Wenn Sie an einem Computer und noch mehr an einem Laptop arbeiten, bewegt sich der Nacken in der Regel nach vorne.
Dies führt zu einer übermäßigen Verspannung der Nackenmuskulatur, die gezwungen ist, den Kopf in einer unphysiologischen Position zu stützen.
Wenn der Kopf nach vorne kommt und die Schultern angehoben werden, werden der obere Trapezmuskel und die subokzipitalen Muskeln belastet. Der M. sternocleidomastoideus hingegen dehnt sich und verliert seinen Tonus.
Mit der Zeit gewöhnen sich die Muskeln daran, ständig angespannt zu sein, sodass man sie nicht so einfach entspannen kann.
Außerdem wachsen kollagene Fasern der Faszien um die Muskeln herum und fixieren sie in der falschen Position: so dass es Ihnen jetzt angenehm erscheint.
Verspannte Nackenmuskeln können eine Hyperlordose der Halswirbelsäule verursachen, ein Zustand, bei dem der Nacken übermäßig nach vorne gestreckt wird.
Dies wiederum beeinträchtigt die Blutversorgung, kann einen Bandscheibenvorfall verursachen, einen Nerv einklemmen und andere Probleme haben.

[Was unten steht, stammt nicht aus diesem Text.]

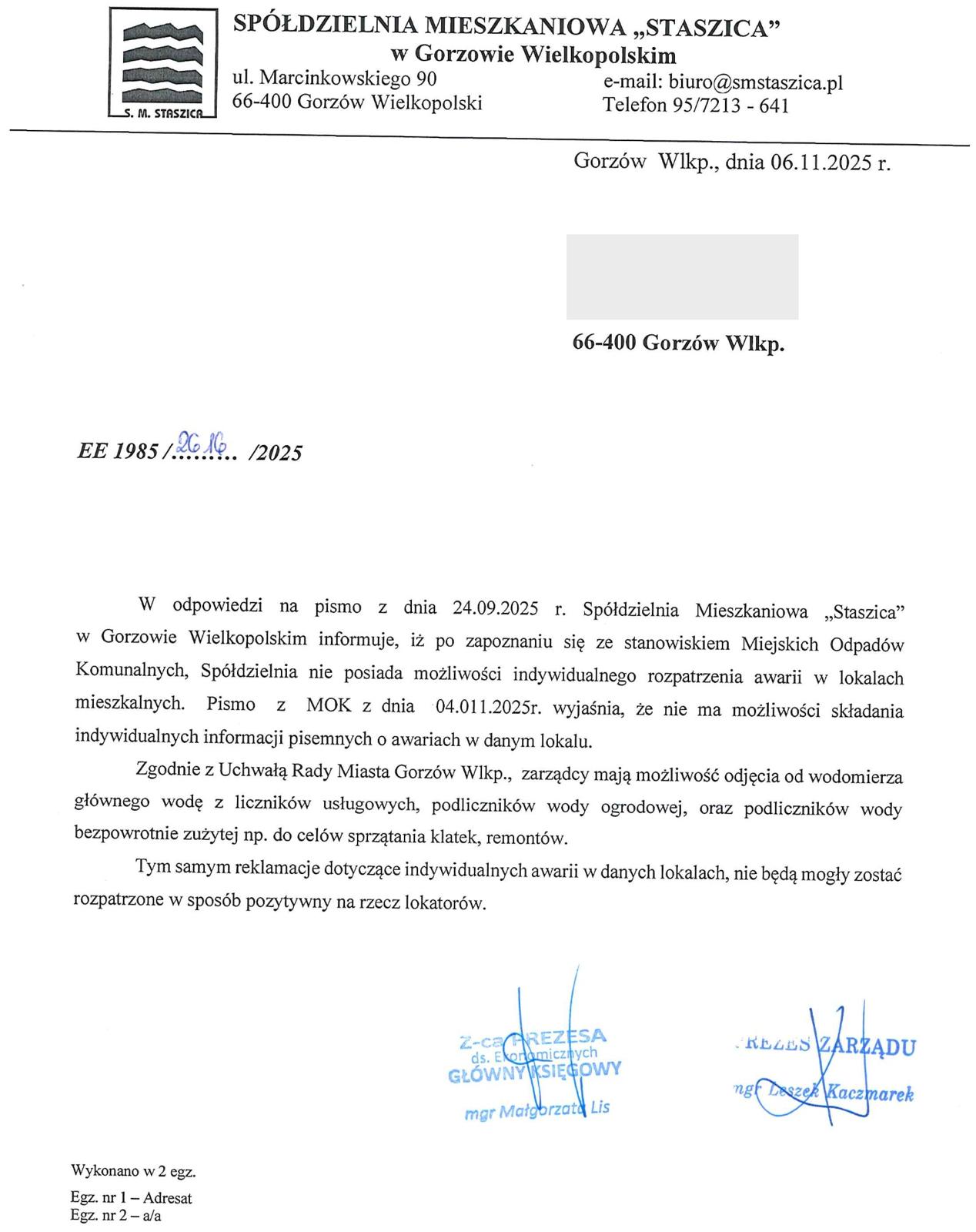 Do listu dołączono odpowiedź spółdzielni.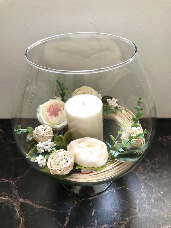 Декор в комнату, для создания уютной атмосферы. Ваза «коньяк» (d=14 см, h=25 см), внутри искусственные цветы, ротанг и свеча (d=6 см, h=10 см).Это станет красивым декором для вашего интерьера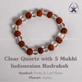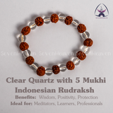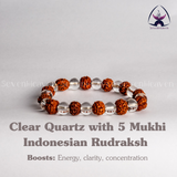 The combination of clear quartz and a five mukhi Indonesian Rudraksha blends the powerful energies and clarity-enhancing properties of quartz with the balancing and protective energies of the Rudraksha.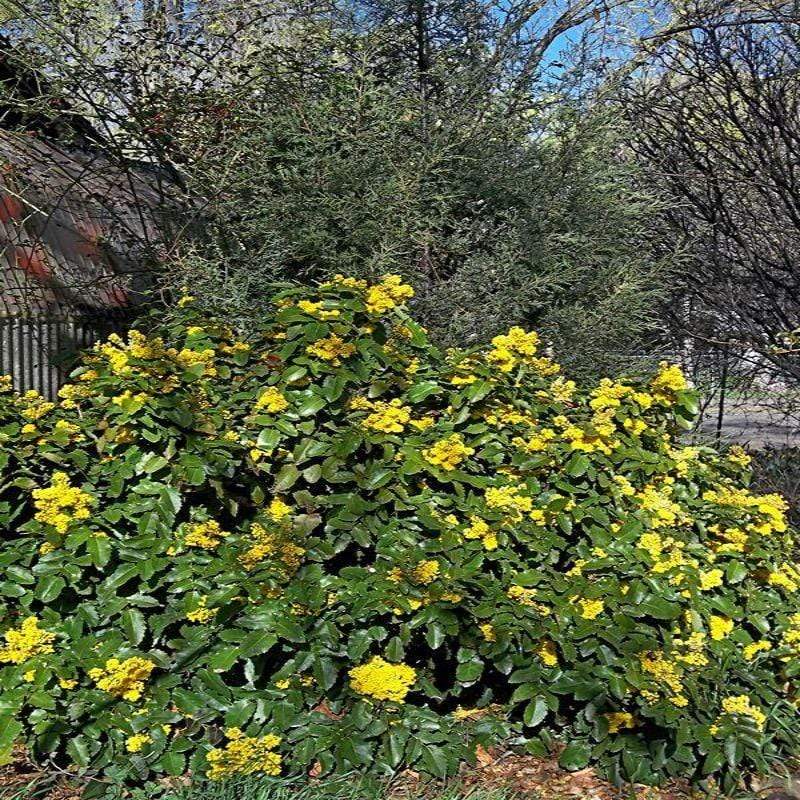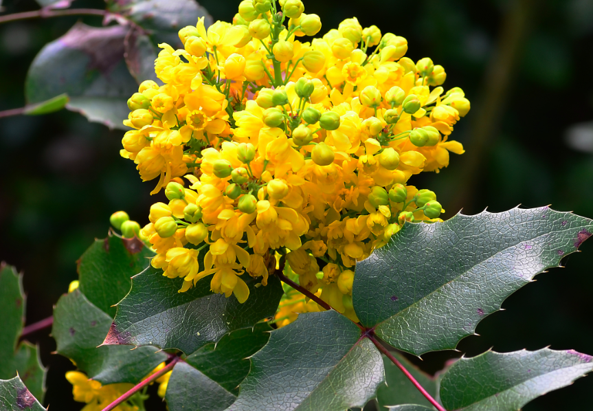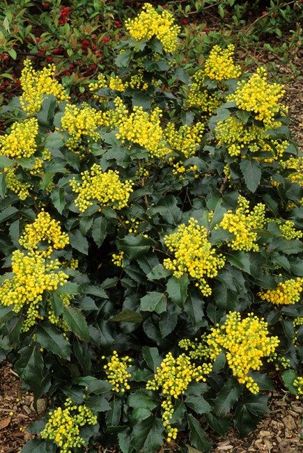 Саженцы магонии падуболистной относятся к тем вечнозеленым кустарникам, которые могут прятаться под покровом снега, и уже с первой оттепелью радовать появлением зелени. Листья у кустарника плотные и кожистые, темно-зеленого цвета. В конце мая появляются пышные соцветия желтых цветков.

Um nicht krank zu werden, dehnen Sie regelmäßig Ihre Nackenmuskulatur und führen Sie die vorgeschlagenen Übungen durch. Einige von ihnen können sogar am Arbeitsplatz oder im Auto problemlos durchgeführt werden, während andere einen Ball, eine Decke oder ein Gummiband erfordern. Sie können zu Hause oder im Fitnessstudio durchgeführt werden.
Kontraindikationen - starke Nackenschmerzen oder bestehende Erkrankungen der Halswirbelsäule: Hernie, eingeklemmter Nerv oder andere. In diesem Fall benötigen Sie die qualifizierte Hilfe eines Arztes und den Rat eines Physiotherapeuten.
Übungen für die Nackenmuskulatur
1. Trainiere mit einem Massageball
Für diese Übung benötigen Sie einen kleinen, harten Ball. Es gibt spezielle Massagebälle, die auf AliExpress bestellt werden können, doppelt oder einzeln. Sie können stattdessen einen Tennis- oder Golfball verwenden.
Legen Sie sich auf eine Matte mit einem Ball unter einer Seite Ihres Nackens an der Basis Ihres Kopfes. Beginnen Sie, Ihr Kinn zu senken und versuchen Sie, Ihre Brust zu berühren. Tun Sie dies 10 Mal und wiederholen Sie dies auf der anderen Seite Ihres Halses.
Nach dieser Übung können Sie den Ball einfach im Nacken auf und ab rollen, wenn sich die Muskulatur steif anfühlt.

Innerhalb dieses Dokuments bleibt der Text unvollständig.